Curating the National Museum of Singapore
My impression of the National Museum of Singapore (NMS) has been vague. I recognised the iconic architecture landmark that has stood for 130 years since its first incarnation as a branch of the Raffles Institution. I have partied through its key highlight events such as the dazzling Night Festival that took imagination beyond borders. I remembered the museum hosting an ancient Egypt exhibition that had a mummy and a couple of sphinx artefacts in it. I have walked in it a couple of times, mainly to attend talks and occasional pop-up markets. Never have I visited its website. Or have a need to to find out the latest exciting events happening at the museum.
Understanding the client and their predicament
It is the oldest museum with a progressive mind, and leading foremost as a host for innovative activities and events all year round. I always think of the National Museum of Singapore when an avant-garde arts and cultural event springs up in Singapore.
While concerned about increasing its number of visitors, it never compromises on its key mission to spread education, nation building and cultural understanding, and to ensure a holistic experience for all visitors at its platforms.
From the most recent statistics the UX design team can get, singapore museum visitorship in 2015 has almost reached a staggering figure of 4 mil, and showing a general trend of rise.
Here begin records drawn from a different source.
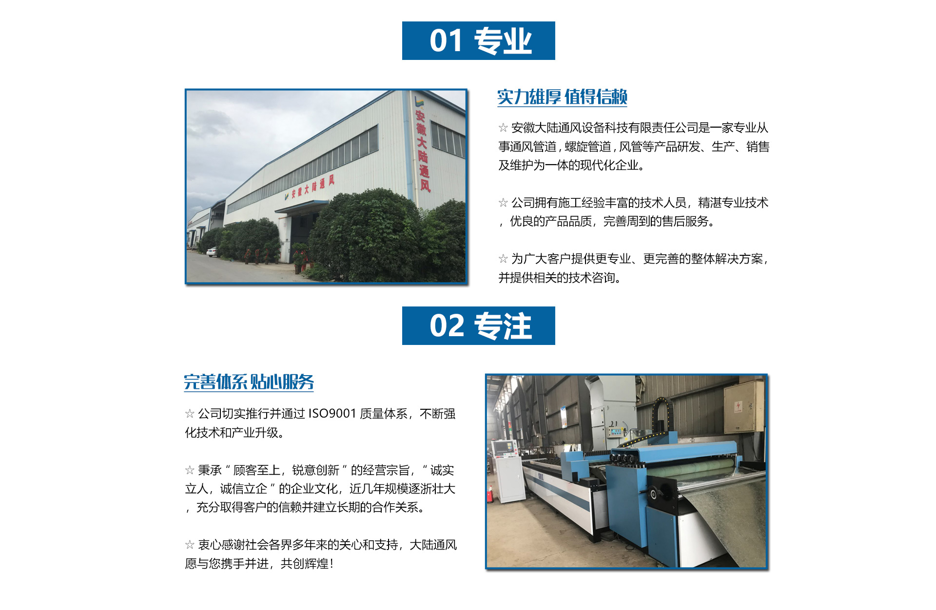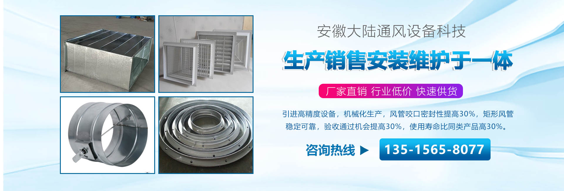 安徽大陸通風(fēng)設(shè)備科技有限責(zé)任公司加工共板法蘭風(fēng)管、螺旋風(fēng)管、角鐵法蘭風(fēng)管、插接式風(fēng)管。價(jià)格合理。質(zhì)量保障。是國(guó)內(nèi)生產(chǎn)和研究通風(fēng)管道的企業(yè),工廠(chǎng)坐落于經(jīng)濟(jì)發(fā)達(dá)的安徽省合肥市。公司配備了好的自動(dòng)化流水線(xiàn)設(shè)備和先進(jìn)的制作安裝技術(shù)。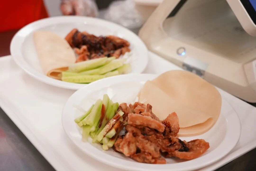 后厨里,师傅正现场炸制酥肉。里脊被炸得外表金黄焦脆,内里却保留着肉的鲜嫩。配合黄瓜葱白、甜酱薄饼,入口酥香四溢,层次分明。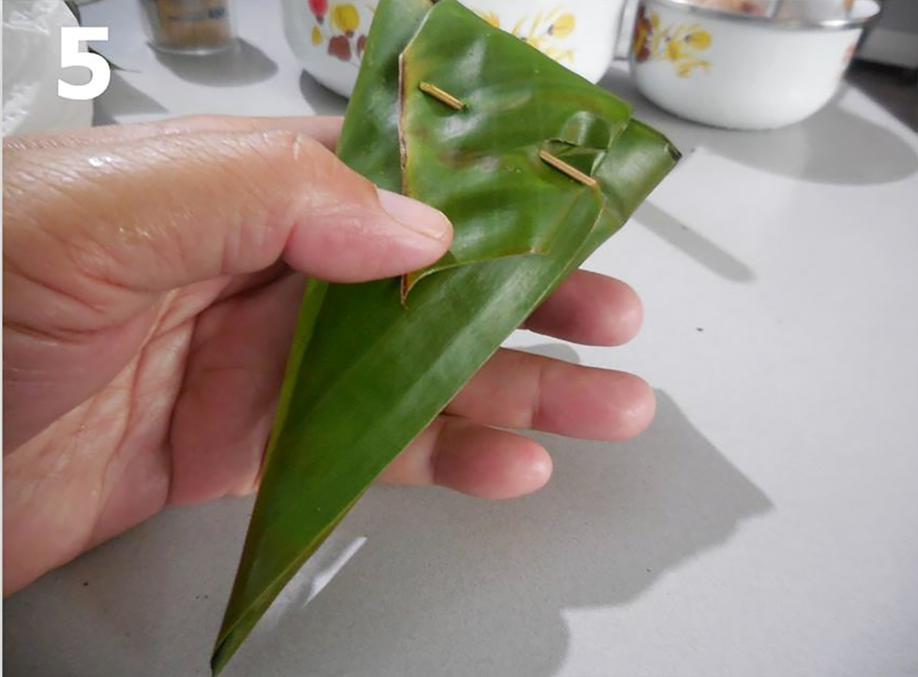 5.กลัดด้วยไม้กลัด ตัดแต่งใบตองให้เรียบร้อย
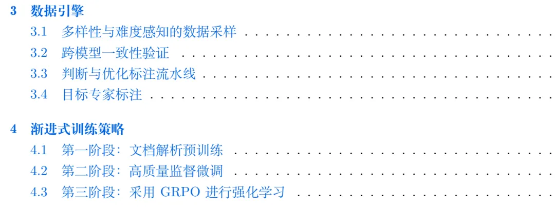 ->Step3.GRPO强化学习对齐(Stage3),使用19.2万标注样本,以文本编辑距离、公式CDM、表格TEDS、布局IoU为直接奖励。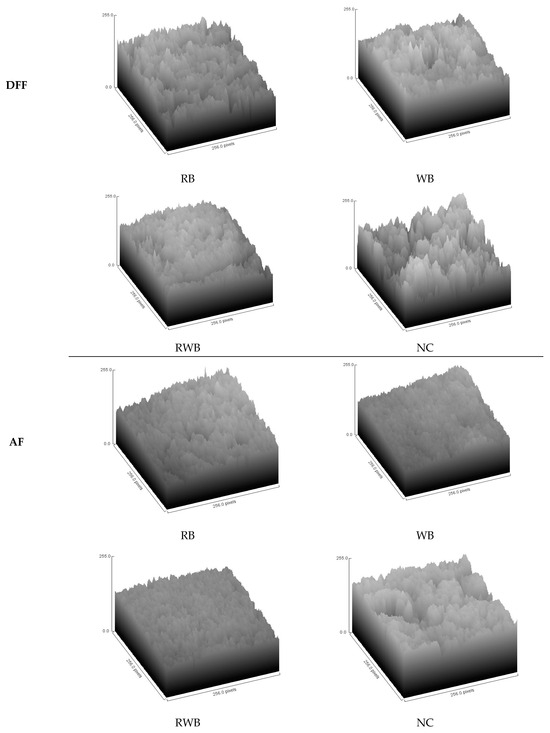 Surface roughness of the food matrix is a crucial parameter relating to its consumer acceptance. Figure 7 represents the surface roughness of meat analog-based finish-cooked products. Table 3 summarizes the effects of batter formulations and finish-cooking methods on surface roughness, as evaluated using the estimated fractal dimension (FD) value. Higher surface roughness was observed for RB-batter-coated meat analog samples in comparison to WB-batter-coated samples, and the relatively higher surface roughness reflected a higher fractal dimension (FD) value of RB coated samples. Batter formulation-associated differences in fried matrixes’ surface microstructure have been reported in the relevant literature [26]. Overall, the surface roughness of parfried samples increased (indicated by higher FD) due to finish-cooking, and deep-fat frying (DFF) caused higher surface roughness in comparison to air frying (AF).

But the number to the NMS has seemed to drop gradually. As the oldest museum in singapore with a mission to spread education, nation-building and cultural understanding, the trend has to switch direction.
From the brief, the museum wants to
- Explore ways of organising website content to make it more accessible
- Improve website navigation
- And integrate the online and real world museum experience
We perceive that the museum wants to create a consistent and intuitive experience at its digital touchpoints. We understand this to be an investigation into their website and mobile app experience.
For a specific quantified gauge for measurement of success, at the end of the day, the team hopes to achieve greater museum visitorship by increasing the conversion rate of internet traffic from the website.
The competitive landscape
To find out about our context, we started the research workflow first by probing the website and carried out a content audit. The contents in the website were not extensively large and the depth of their information architecture was reasonably manageable. Our key laments were the excessive numbers of global navigation titles, misconception for certain taxonomies, and a few unintuitive path flow. In fact, the website would be rated rather decent for its usability and contains no big flaws.
We carry on to initiate our effort with interviews with 10 users of diverse profiles. Then went down to site and make observations about the situation, visitor behaviours and to learn more about the exhibits.
We investigate the current website, evaluate it against the competitors and seek to understand what the others are doing with their website and museum experiences. Below are some highlights of the competitiors’ edge. It was apparent NMS has some ways to catch up to par up with competitors.
We roped in 10 interviewees to find out about their experiences with museums, which may not be specific to the NMS for some cases, their encounters with the various digital touchpoints, which may be the website, mobile application and social media avenues, their frustrations and wishlist. We want to find out about their journey at the museum, from initial contact upon first hearsay, to feedbacks when leaving the museum, their thoughts at each stages and their emotions. Our interviewees are friends and also strangers willing to spare 30 minutes at the NMS.
We also ask them to perform a usability test on the current website, that evalutes the homepage based on 10 seconds impression, adapted from the methodology from Lindgaard and Dudeck, and the completion rate of certain tasks. The same two-pronged usability test were also adopted to evaluate, at later stage, a low fidelity paper prototype and a high fidelity digital prototype.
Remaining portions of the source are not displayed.